Rudeness as a defining national characteristic is loudly on display in British newspapers, books, television and movies and therefore, it stands to reason, in daily social intercourse. British tabloids get particularly nasty about looks, weight, and clothes, hectoring royals, commoners, basically anyone well-known, in the crudest terms possible. In this country supermarket tabloids do it too, but without the same level of venom and certainly without the same reach and clout.
Watch any contemporary “Masterpiece Theatre” production, and you’ll soon notice the same condition. Eminently reasonable and basically kind Inspector Lewis is snarled at and dismissed by his boss and by everyone else -- upper crust, working-class, students, deans, shop-keepers, artists, teenagers, the elderly, probably because of his accent.
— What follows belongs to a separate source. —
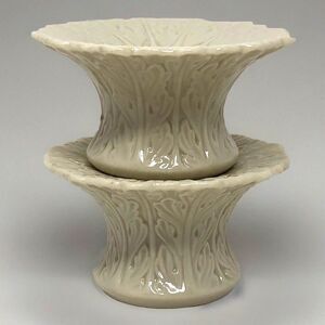 Vintage Classic Lenox Woodland Collection Candlestick Holders in Ivory Embossed Elegant design. Made in the USA.
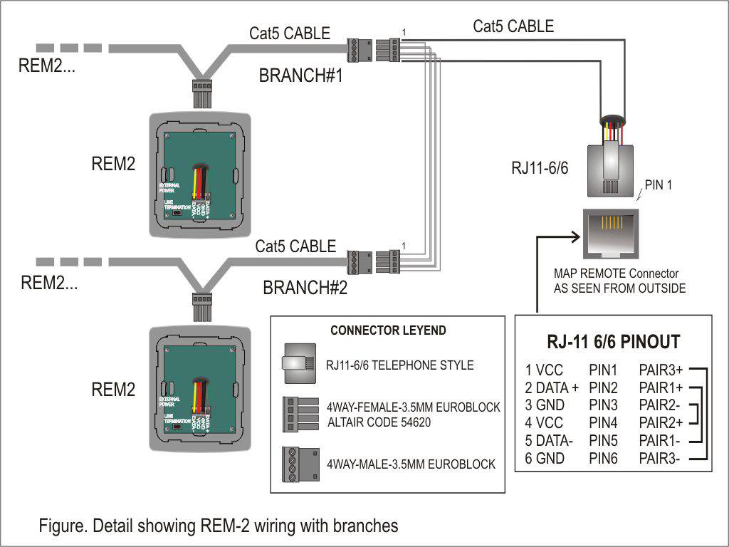 As described above, a set of REM-2/REM-2R units can be powered directly from the remote MAP wiring. The maximum allowable load on the MAP port is 500 mA which corresponds to the load of about 8 units. The use of external power supplies allows increasing the number of remotes or the distance to the processor.

Jane Tennison of “Prime Suspect” not only endured systemic off-hand verbal insults, she dished them out with relish as well. Inspector Lynley, being a member of the upper-class, was subjected to specially aggressive rudeness, from suspects, victims and from his own staff.
So it’s interesting that the UK, a country where rudeness seems to be routine, where hacking into someone’s cellphone raises almost no complaint (until it’s the cellphone of a dead child); where intrusive CCTV cameras are in your face 24/7; where attending a football match could mean your life; and where one curtsies to people one supports with one’s tax money, is currently in the midst of wild anarchy. The poignance of the New York Times story this week about Louis James, 19, of London, a hopeless young man on the dole who learned to read just three years ago doesn’t excuse the lawlessness and mayhem, but tries to make sense of riots that don’t seem to be racially motivated (this time). If it turns out to be that a root cause of this expensive self-inflicted misery is that Britain utterly forgot – wanted to forget -- about its poor and unemployed, it wouldn’t surprise me. Because it’s just so damn rude.